During the operation, immunosuppression was induced with 0.5 g of methylprednisolone (Solumedrol, Pfizer) and 20 mg of intravenous basiliximab (Simulect, Novartis). Within the posto­perative interval, patients were given calcineurin inhibitors (tacrolimus or cyclosporine) in addition to mycophenolate mofetil to induce immunosup­pression.
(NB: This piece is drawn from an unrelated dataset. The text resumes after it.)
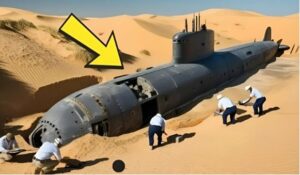 As they approached the location, no one could believe what they saw. A dark metallic silhouette protruded from the sand — weathered, rusted in places, but still commanding. A massive submarine lay under the scorching sun, far from any ocean, as if lost from another reality.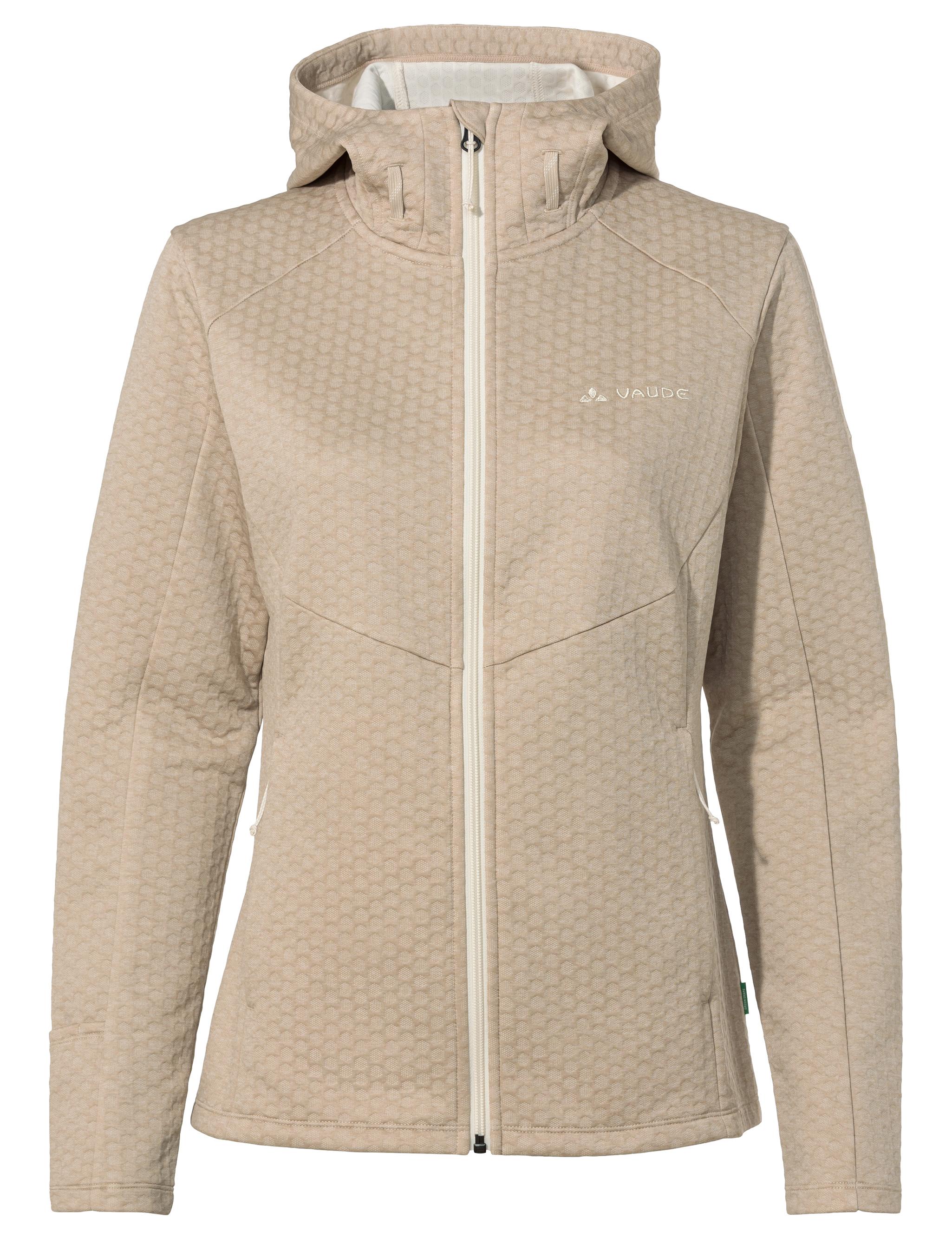 Ob solo oder als wärmende Zwischenschicht: Der Skomer Hoodie für Damen ist immer eine gute Wahl. Das Material hält warm und ist gleichzeitig atmungsaktiv. Die strukturierte Innenseite erzeugt Wärme und transportiert Feuchtigkeit schnell nach außen, was für mehr Tragekomfort sorgt. Das Fleece ist pflegeleicht und schnelltrocknend und damit ein perfekter Begleiter auf mehrtägigen Touren. Die Kapuze kann bei böigem Wind im Gebirge schnell übergezogen werden. Unter einer wasserdichten Wetterschutzjacke ist der Skomer Hoodie zudem der ideale Midlayer in der Übergangszeit. Zwei Fronttaschen mit Reißverschluss bieten Platz für ein Handy, einen Geldbeutel oder sonstige Kleinutensilien. Das VAUDE Green Shape-Label steht für ein umweltfreundliches, funktionelles Produkt aus nachhaltigen und bluesign® zertifizierten Materialien.

Surgery included right hepatectomy (liver segments V-VIII) with conservation of the middle hepatic vein, which was retained in the donor. Cholangiography was used to determine accurate specification of the components of the hepatic hilum and isolation of the right hepatic vein.

Removal of the hepatic parenchyma was performed with an ultrasonic surgical aspirator. The approach was along the right aspect of the middle hepatic vein trunk, and all its branches were sutured during cutting. Tributaries of the middle hepatic vein with a caliber greater than 0.5 cm were reconnected in the recipient to attain a proper venous drainage.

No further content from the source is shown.